# Sunday 1/20



## Capt. Delynn (Oct 4, 2007)

Got to fish out of Destin today with a couple of friends and a new friend Joseph on Pauls 31 cape horn. They had never deep dropped before so we thought we would give that a try. Bait was tough this morning. Finally got a few in the well and headed to the amberjacks first. Well, all the jacks we caught were short and the big red snappers would not stay off our bait. We only had a few baits, so off we went searching for greener pastures. Took only 5 baits to get our 4 man limit of jacks. Thank God, because we only had ten baits left. Now off to the deeper water. Our fish finder would not read the bottom at all, so we just blind dropped on some numbers. Got some tiles and snowys but it was a slow bite for us today. My crew hung in there and fished hard to get their bounty. Thanks everyone for fishing so hard today. Here are a few pictures. Enjoy and get out there everyone. Sorry so short, I'm beat. 
Capt. Delynn Sigler
Offshore Deepsea Fishing Guide
(850)689-3133 Hm/Office
(850)758-2165 Cell


----------



## Capt. Mickey Locke (Oct 4, 2007)

Nice box of fish Delynn....Keep em baited up! Im gonna give them bucks trouble a few more weeks!


----------



## SoCal619 (Nov 18, 2011)

Man those are some nice jacks. After lookin at those pics and seeing how sunny it was today I kinda wish I had gone out today instead of yesterday and just DVR'd the playoff games today! Well done Capt.


----------



## Kevin B (Dec 3, 2012)

Congrats, nice catch.

Kevin


----------



## naclh2oDave (Apr 8, 2008)

Strong work Capt. Delynn. Something to be said for blind dropping using just gps positioning. You are the man! Trying for ours today.


----------



## k-p (Oct 7, 2009)

Capt Delynn, when you're half as down you're still 150% more than most...those are fine fish. Thanks for the post!


----------



## DAWGONIT (Jan 16, 2009)

Awesome pics, esp that Tile & Snowies!
Thanks for sharing.
Catch 'em up.


----------



## Captdroot (Jan 18, 2012)

Nice catch. Sounds like *all* those electronics simply prove the old adage, "Boats don't catch fish. Fisherman catch fish".

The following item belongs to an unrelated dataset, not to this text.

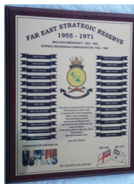
Honour Board $105-00

Item 8: - Medallion commemorating RAN Centenary (1911 – 2011).

Hand an idiot a book full of just numbers and see what happens. Especially deep numbers. 

Happy New Year Capt Delynn, nice to see that you still have a job!
Good luck, calm seas, and stay safe.


----------



## Chris V (Oct 18, 2007)

Great report. Sucks about the sounder but it looks like your numbers were pretty close!


----------



## JoeZ (Sep 30, 2007)

Dang.


----------



## lobsterman (Sep 30, 2007)

Very well done Captain.


----------



## Captain Jake Adams (Oct 3, 2007)

Is there anything that this man can't catch?! Great job Delynn as always


----------